Vivimos tiempos cínicos. Es difícil escribir así. Intentar escribir bien, vamos. Pasan los días y a cada amanecer te descubres más débil: a más razones para pegarle un grito al cielo, menos aire sientes en los pulmones. Cuando te des cuenta, te has dejado arrastrar cómodamente por la inercia de lo irremediable. Se requiere de una fe inquebrantable para otorgarle a 2021 el beneficio de la duda.
¿Cómo llegamos hasta aquí? Bueno, tomamos malas decisiones. O la mayoría lo hizo por nosotros. Quedamos en manos de líderes nauseabundos o poco adiestrados en otra gama que no sea la del populismo. Luego tuvimos mala suerte. Aunque yo prefiero pensar que más bien, durante un siglo tuvimos la fortuna de esquivar una de estas pandemias cuyas consecuencias relativizan los daños causados por huracanes, terremotos, explosiones y calamidades anuales. Ha sido largo, desgastante y disparejo.
La pregunta no es si saldremos de esta, porque la respuesta es fácil: claro que sí. Siempre hemos salido. La cuestión real es más profunda y si cabe, dolorosa. ¿Por lo menos seremos mejores después de todo esto? Imágenes en todo el mundo: desde el asalto de supremacistas blancos al Capitolio hasta el estadio de Mazatlán, poblado por miles de voluntarios encantados de acudir al matadero y salir de éste en calidad de potenciales armas biológicas andantes, responden por sí mismas.
El futbol, o lo que queda de éste, sigue jugando a la rueda de San Miguel. Se disputan ligas, copas, copas de la liga, ligas de naciones y eliminatorias varias como si nada.
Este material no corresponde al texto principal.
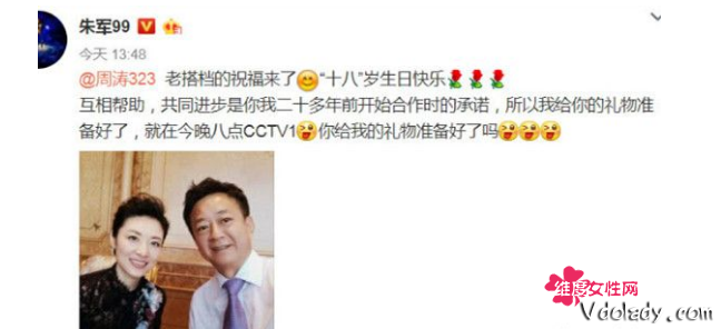 维度女性网 > 明星 > 周涛生日朱军暖心送祝福 老搭档友谊羡煞网友(2)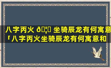 寓意:火土相生:丙火坐骑辰龙 🌿 ,形成火土 🐦 相生 🍁 之势火生。旺土土生,助火,五,行。流通有利于财运和事业发展

Equipos enteros contagiados, técnicos sin tiempo de trabajar más allá de la recuperación postpartido y la relajación pre partido. A la mitad, futbolistas exhaustos y sin la preparación que otorga la pretemporada, ni mucho menos el impulso que ofrece la afición para encontrar el extra de combustión cuando el tanque se vacía. A estas alturas ya solo festeja los goles la minoría que aún no se ha parado a reflexionar cuál es el punto de hacerlo.
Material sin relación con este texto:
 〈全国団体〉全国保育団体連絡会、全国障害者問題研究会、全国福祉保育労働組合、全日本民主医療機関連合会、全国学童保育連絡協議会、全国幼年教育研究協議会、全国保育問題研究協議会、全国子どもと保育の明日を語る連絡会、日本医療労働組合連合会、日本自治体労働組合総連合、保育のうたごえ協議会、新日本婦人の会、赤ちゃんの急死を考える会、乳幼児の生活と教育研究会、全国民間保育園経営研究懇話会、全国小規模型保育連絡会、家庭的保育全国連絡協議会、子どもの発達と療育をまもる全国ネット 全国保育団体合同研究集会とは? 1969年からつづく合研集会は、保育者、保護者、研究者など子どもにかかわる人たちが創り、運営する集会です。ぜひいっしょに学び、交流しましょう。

Sobrevivimos de un futbol fantasma que no sacrifica ni un partido por el bien del más elemental espectáculo. Mientras los avances tecnológicos han permitido que los jugadores del FIFA cada día se parezcan más a los reales; el retroceso ético del juego ha conseguido que un partido en la consola: con sus gráficas y ambiente artificiales sea ya casi indistinguible de un futbol de cada vez menos carne y más hueso, y al que ya se hace difícil llamarle real.